Compliant? Yes. The earth fault loop impedance of 0.1135 Ω produces a fault current of 2,115 A, which trips the 100 A MCCB instantaneously — well within the 5-second disconnection requirement for a distribution circuit under IEC 60364-4-41.

But is it robust? Consider the following sensitivities:

The design has margin, but that margin erodes with cable extensions, higher operating temperatures, or PE conductor substitution. If this sub-board will feed final circuits (not just other distribution circuits), those final circuits have a 0.4-second disconnection requirement — and the Z_s at the end of those final circuits includes the 0.1135 Ω contribution from this feeder.

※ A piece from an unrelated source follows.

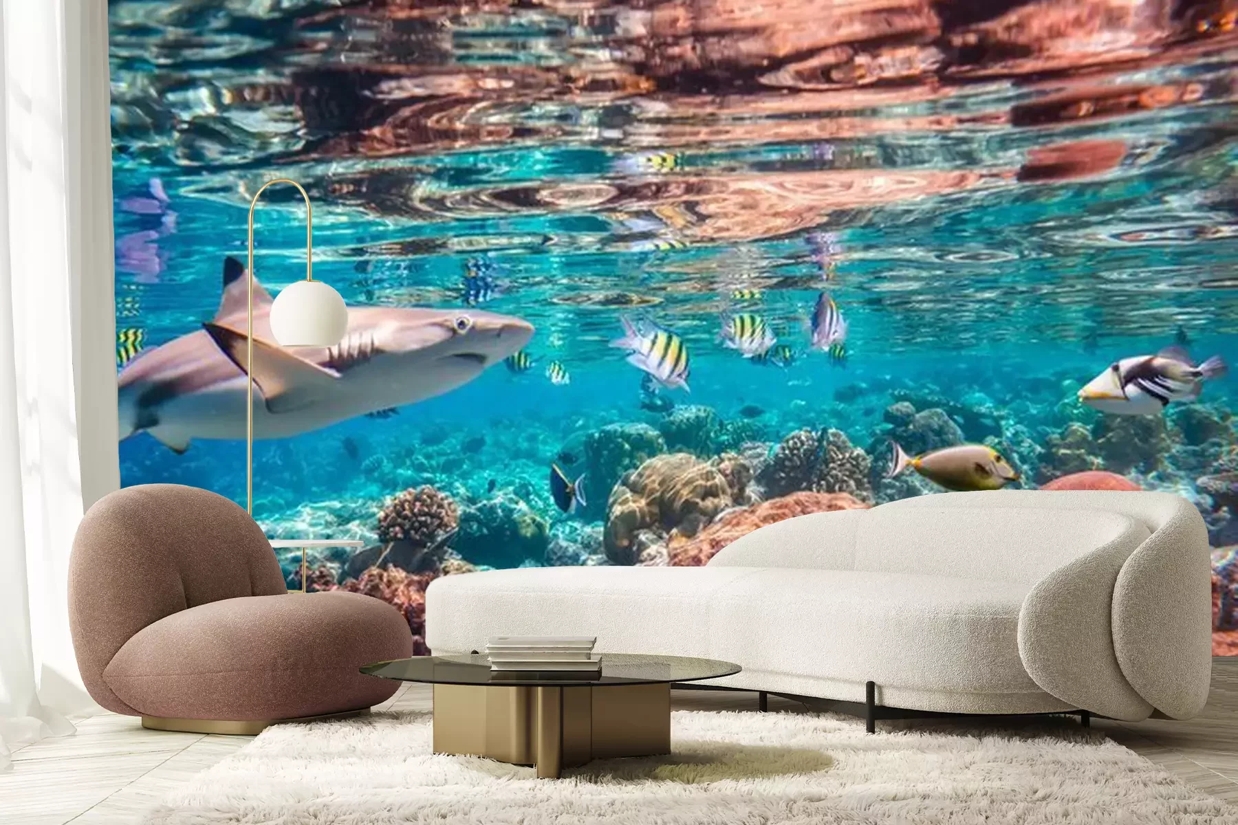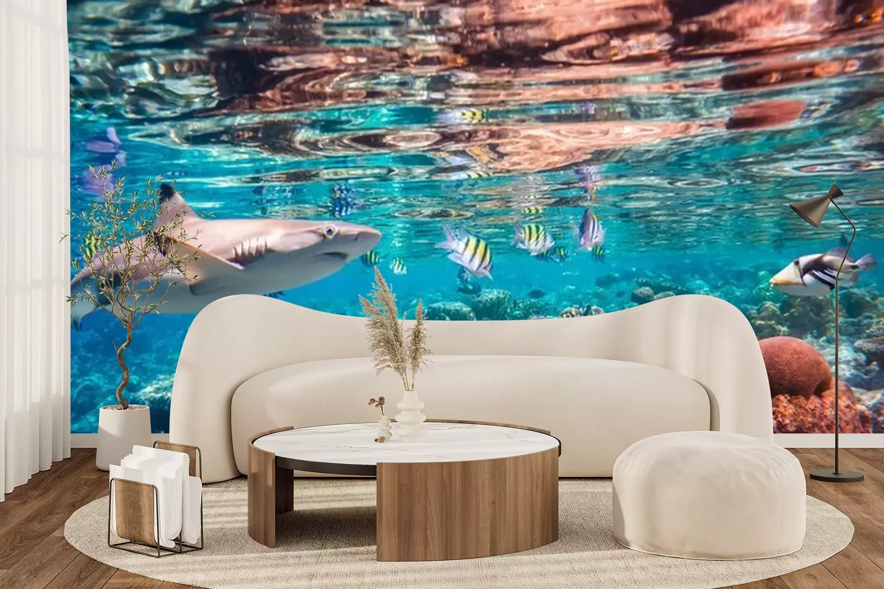 Tropisches Korallenriff und HaiProblemlose Lieferung durch vertrauenswürdige Spediteure
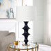 A Contemporary Tribute To Classic Chinoiserie, This Table Lamp's Fluted Base Is Formed From Sculpted Ceramic In A Rich Cobalt Gloss Glaze, Accented By Antique Brass Plated Hardware. The Slightly Tapered Drum Shade Is Covered In A Classic White Linen Fabric.

If remediation were needed, the most effective options are:

1. Increase PE conductor size. A 120 mm² copper PE instead of 95 mm² reduces R₂ by 21%, providing significant margin for downstream circuits.
2. Add RCD protection at the sub-board. A time-delayed RCD (Type S, 100 ms) at the sub-board provides backup disconnection for earth faults that produce lower fault currents than the MCCB can detect quickly.
3. Earth fault relay. For industrial installations, a dedicated earth fault relay with adjustable pickup and time settings provides more precise control over earth fault disconnection than relying on the MCCB’s overcurrent characteristics.

Standards referenced: IEC 60364-4-41:2005+A1:2017 (Table 41.1), IEC 60364-5-54 (protective conductors), IEC 60947-2 (MCCBs).